What determines a directory size?

I know that size of a directory itself is a different thing than the sizes of the files in it.

I think of a directory as a list of the directories and files within, hence a directory's size should be related to the number of files/directories within, with a minimum of 4096 bytes because of the block-size constraint.

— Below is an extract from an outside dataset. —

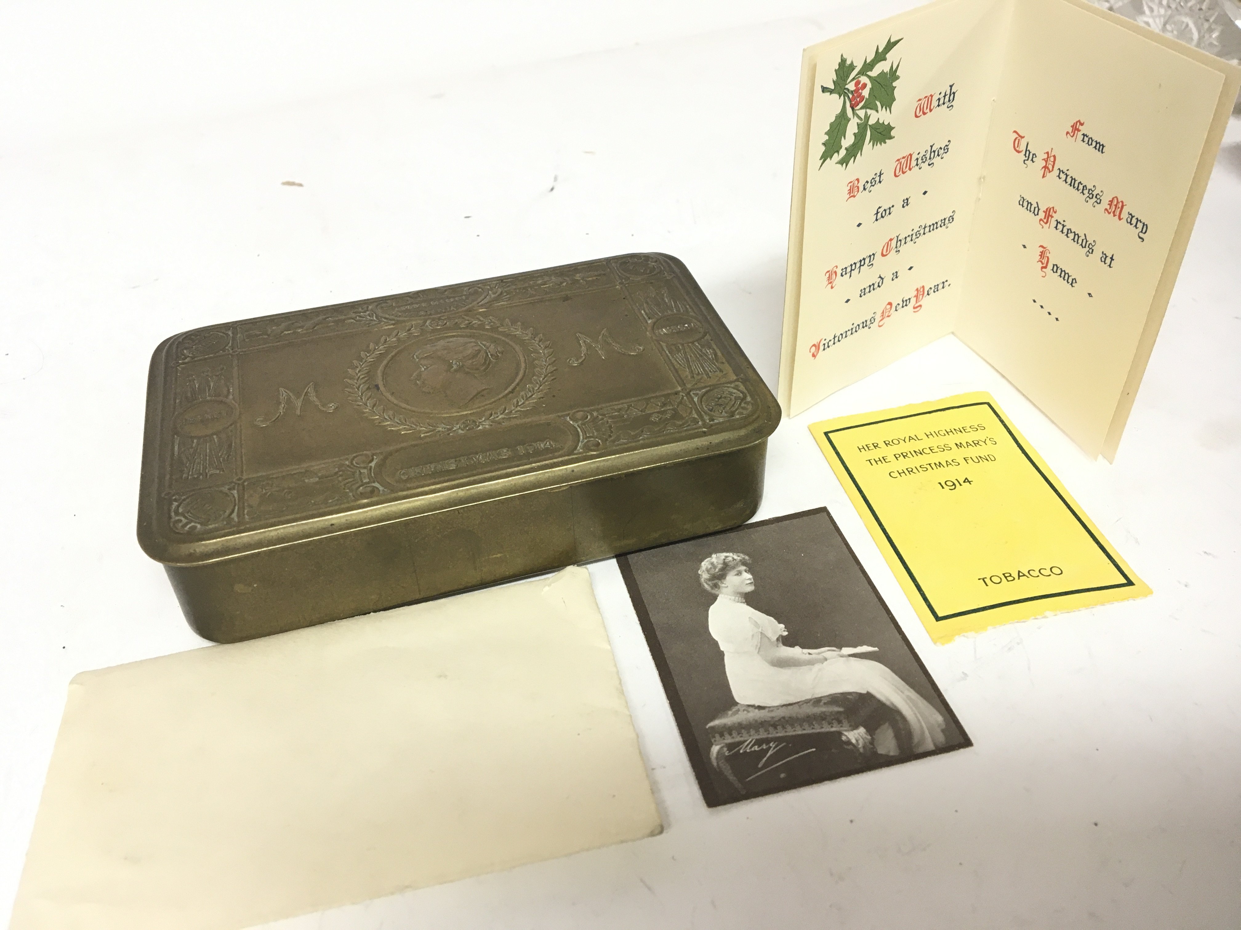A First World War Christmas tin Her Royal Highness The Princess Mary Christmas Fund with card envelope and photo.

But in my system, I have many well populated directories with 4096 bytes, and some directories which are considerably less populated that are around 10 megabytes. Can you please explain me why this happens?


Solution 1:

The filesystem used, and the maximum number of entities in that directory at any point in time determines the size. Once the default size reserved for the directory is exhausted, more space is allocated for the directory. However, when the number of entities goes down, the space allocated isn't automatically freed. So, if, at one point, a directory has 10 million entities, it would remain the same size if 9,999,999 of them were deleted. This leads to interesting situations like in this Unix & Linux post.

$ mkdir foo; touch foo/{1..100000}; stat -c %s foo
2179072
$ rm foo/*; stat -c %s foo
2179072

This doesn't necessarily hold for other filesystems. The ext{2,3,4} filesystems are affected. NTFS is, to a less extent. tmpfs and btrfs aren't. ZFS is rather conservative, I got an output of 2 for the second stat command.